Anouk Aimée, Enigmatic Star of ‘A Man and a Woman,’ Dies at 92
Anouk Aimée, the French film actress who became an international sex symbol as the aloof, enigmatic and sensual star of Claude Lelouch’s 1966 romance “A Man and a Woman,” died on Tuesday at 92.
Her death was announced on social media by her daughter, Manuela Papatakis, who said her mother died at home in Paris.
Ms. Aimée had already made a considerable impression in international film, particularly in Federico Fellini’s movies “La Dolce Vita” (1960), in which she played a sex-hungry Italian socialite, and “8 1/2” (1963), in which she portrayed the lead character’s jealous but patient wife.
But it was with “A Man and a Woman,” a 28-year-old director’s low-budget project that went on to win the Oscar for best foreign film, that she created the image that endured throughout her career. As an emotionally reluctant young widow and movie-industry script girl, she falls in love with a racecar driver and widower played by Jean-Louis Trintignant. Their long, long-awaited kiss, enhanced by a circling camera and Francis Lai’s hit theme, became one of the era’s most revered and recognizable movie images. Ms. Aimée was nominated for a best actress Oscar for the role. It also brought her the BAFTA film award for best foreign actress and the Golden Globe for best motion picture actress.

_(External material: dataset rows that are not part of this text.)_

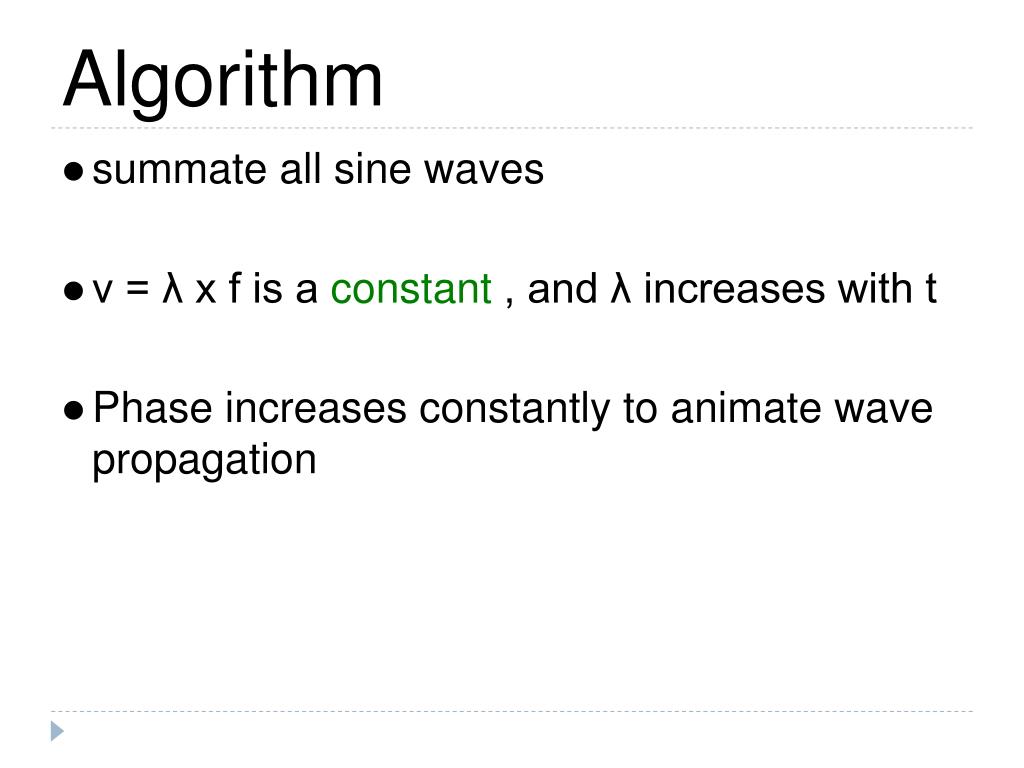 Algorithm • summate all sine waves • v = λ x f is a constant , and λ increases with t • Phase increases constantly to animate wave propagation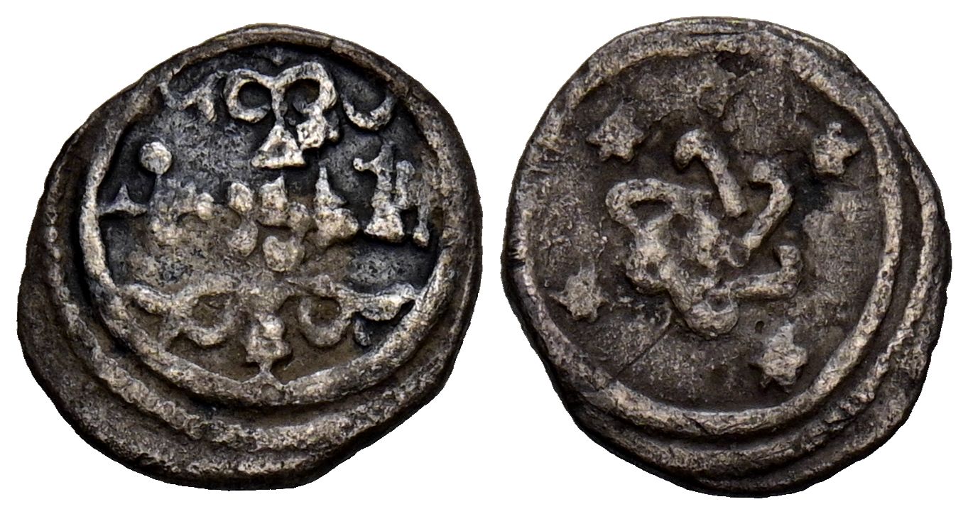 ALMORÁVIDES, Yusuf ben Tashfin (480-500H). 1/2 Quirate. (Ar. 0,45g/11mm). S/D. Anv: En una sola línea: الامير توسف (el Emir Yusuf) con el mismo motivo decorativo encima y debajo de la leyenda. Rev: Sello de Salomón rodeado de 4 diminutas estrellas de 6 puntas en forma de cruz. MBC. Inédito. Único ejemplar conocido.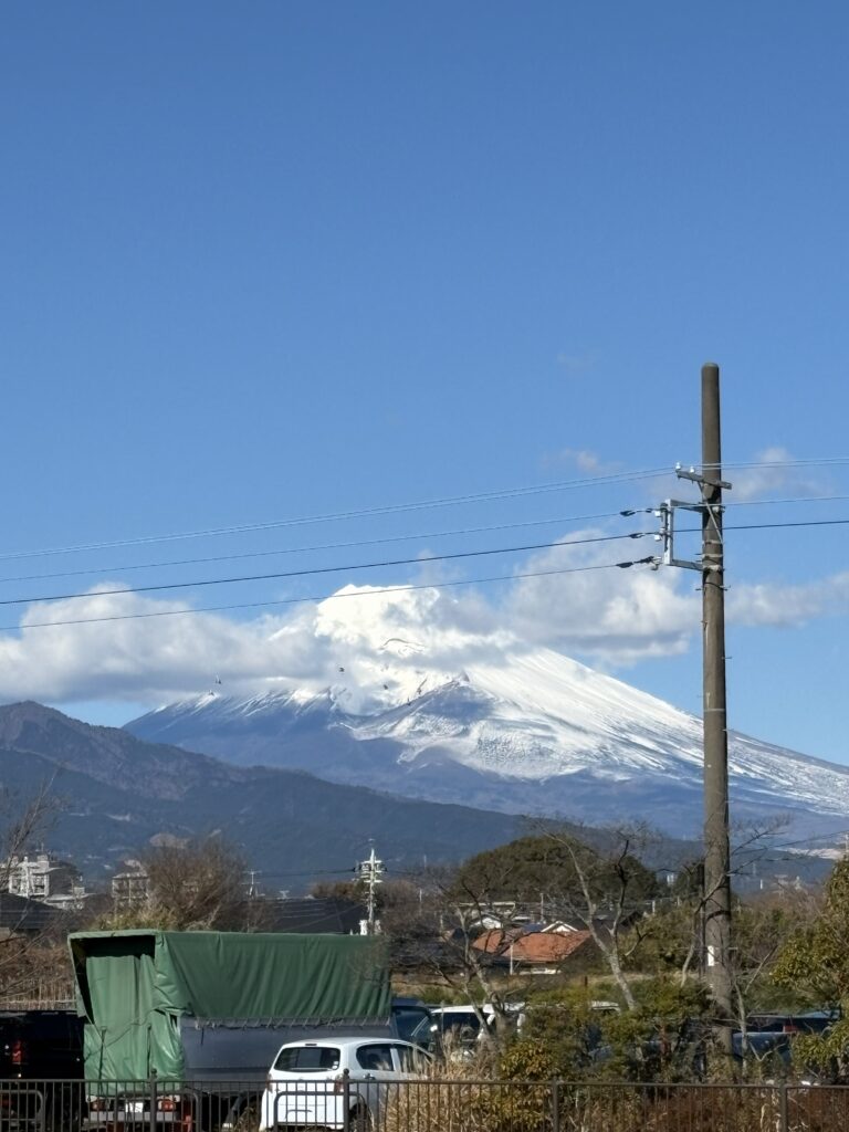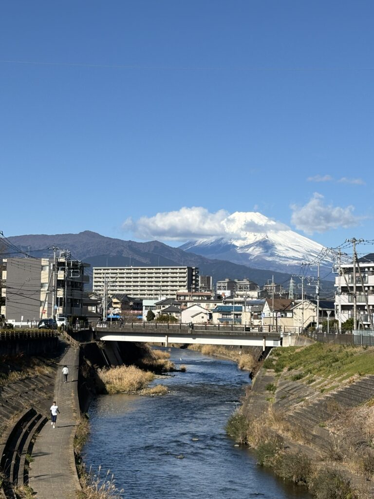 大場川沿いを歩きながら見えた、冬晴れの富士山。

In 2002 she received an honorary César, the French equivalent of the Academy Award, for career achievement. She was named best actress at the 1980 Cannes International Film Festival for a darkly comic role, that of a mentally disturbed woman whose brother hopes she will commit suicide, in the Italian film “Salto nel Vuoto,” released in the United States as “Leap Into the Void.”

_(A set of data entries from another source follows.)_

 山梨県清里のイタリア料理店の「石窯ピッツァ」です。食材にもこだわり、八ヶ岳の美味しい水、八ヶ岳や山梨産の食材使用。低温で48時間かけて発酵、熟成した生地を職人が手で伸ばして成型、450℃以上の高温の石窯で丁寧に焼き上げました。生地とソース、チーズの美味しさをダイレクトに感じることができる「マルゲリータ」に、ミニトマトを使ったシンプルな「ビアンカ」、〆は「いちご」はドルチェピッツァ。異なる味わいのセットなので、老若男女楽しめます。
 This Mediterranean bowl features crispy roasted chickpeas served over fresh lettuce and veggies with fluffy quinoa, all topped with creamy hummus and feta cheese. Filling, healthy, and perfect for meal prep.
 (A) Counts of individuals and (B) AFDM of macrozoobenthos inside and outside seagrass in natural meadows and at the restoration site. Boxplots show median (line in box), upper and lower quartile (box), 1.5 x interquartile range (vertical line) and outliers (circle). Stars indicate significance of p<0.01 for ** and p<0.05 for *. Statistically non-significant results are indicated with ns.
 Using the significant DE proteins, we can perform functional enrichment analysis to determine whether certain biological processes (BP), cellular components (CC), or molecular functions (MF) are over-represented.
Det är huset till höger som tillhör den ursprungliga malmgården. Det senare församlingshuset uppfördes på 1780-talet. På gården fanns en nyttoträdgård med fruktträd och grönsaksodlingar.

Ms. Aimée’s film career was predominantly European, and her relatively few American films were less than great successes. She was part of the all-star cast of “Ready to Wear” (1994), Robert Altman’s poorly received satire about the fashion industry. A quarter-century earlier she had played the title character of the 1969 drama “Justine,” directed by George Cukor. In a 2000 interview with The Palm Beach Post, she recalled her unsatisfactory working relationship with Cukor. “I kept talking about Fellini,” she said, “and he kept talking about Garbo.”